Upon brief reflection, one might wonder why we think this way. Why does elite sports seemingly clash with having a cookie?

Athletes must eat healthily.
Throughout my entire career, I tried to stay away from all unhealthy food and sweets. I told myself: they are bad for me because you are an athlete.

One reason for this attitude is certainly that we all know we should eat healthily and balanced—athletes or not. Every nutrition guide tells us exactly that. Well, sweets are not really classified as healthy food. So, there's a good argument why athletes should avoid a cookie. Additionally, we know that a healthy body is crucial for the athlete... in fact, everything around an athlete should be healthy, right? And then there's the story of avoiding calorie-rich, fatty foods to maintain a good weight. So, sweets are again on the list (along with other foods, of course). It can only be logical that athletes shouldn't eat cookies.

But let's see what the food pyramids and nutritional guidelines of different nutrition societies say. Do they really claim: no sweets? No cookies?
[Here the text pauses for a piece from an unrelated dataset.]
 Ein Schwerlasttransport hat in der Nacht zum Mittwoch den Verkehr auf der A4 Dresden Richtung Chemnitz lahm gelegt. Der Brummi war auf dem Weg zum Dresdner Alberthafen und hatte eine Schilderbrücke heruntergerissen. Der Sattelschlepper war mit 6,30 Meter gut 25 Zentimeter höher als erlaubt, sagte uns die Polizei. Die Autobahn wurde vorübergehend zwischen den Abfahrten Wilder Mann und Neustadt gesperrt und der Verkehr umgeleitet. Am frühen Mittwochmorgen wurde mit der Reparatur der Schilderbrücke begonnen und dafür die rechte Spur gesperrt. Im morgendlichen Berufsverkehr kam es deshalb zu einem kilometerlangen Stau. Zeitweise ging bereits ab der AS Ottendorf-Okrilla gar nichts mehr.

Not really... nutrition societies recommend consuming sweets only in small quantities. Typically, it's the top of the pyramid, which means only very small amounts.
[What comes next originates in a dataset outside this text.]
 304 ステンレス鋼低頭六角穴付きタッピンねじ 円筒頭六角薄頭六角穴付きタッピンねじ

Why then do athletes avoid any kind of sweets? In many sports where body weight plays a significant role, such as cycling, running, high jump, it's considered normal for athletes to avoid certain foods. If you want to become really good, you have to go on diets and skip dessert. That's not true. That's not "normal" eating. It's not a healthy eating behavior. The fact is: sports and its community have come to a point where it's considered normal. The fact that some athletes are obsessed with the "duty" to eat healthily, count calories, control grams of carbohydrates and fat seems to be part of the sport for many. If you want to be an athlete, then you have to do that. Eating is the enemy. Eating creates stress and bad moods. Eating is bad.

The real problem:
what is not normal has become something that is now perceived as normal today.

That's the real problem. What's not normal and healthy has, over the years, become something perceived as normal and right. And that's exactly something I work on with my athletes every day. Food should become their secret weapon. Food should give them the strength that leads to success. Mostly healthy food, but sometimes also the "bad" stuff. Without guilt. Instead of thinking about every cookie they've secretly eaten, they enjoy the cookie. They've made peace with food and nutrition. This is also what it means to be healthy: well-being and happiness, inner balance.

Should you eat the cookie that's right in front of you on the kitchen table? Of course, you should. It's good for you!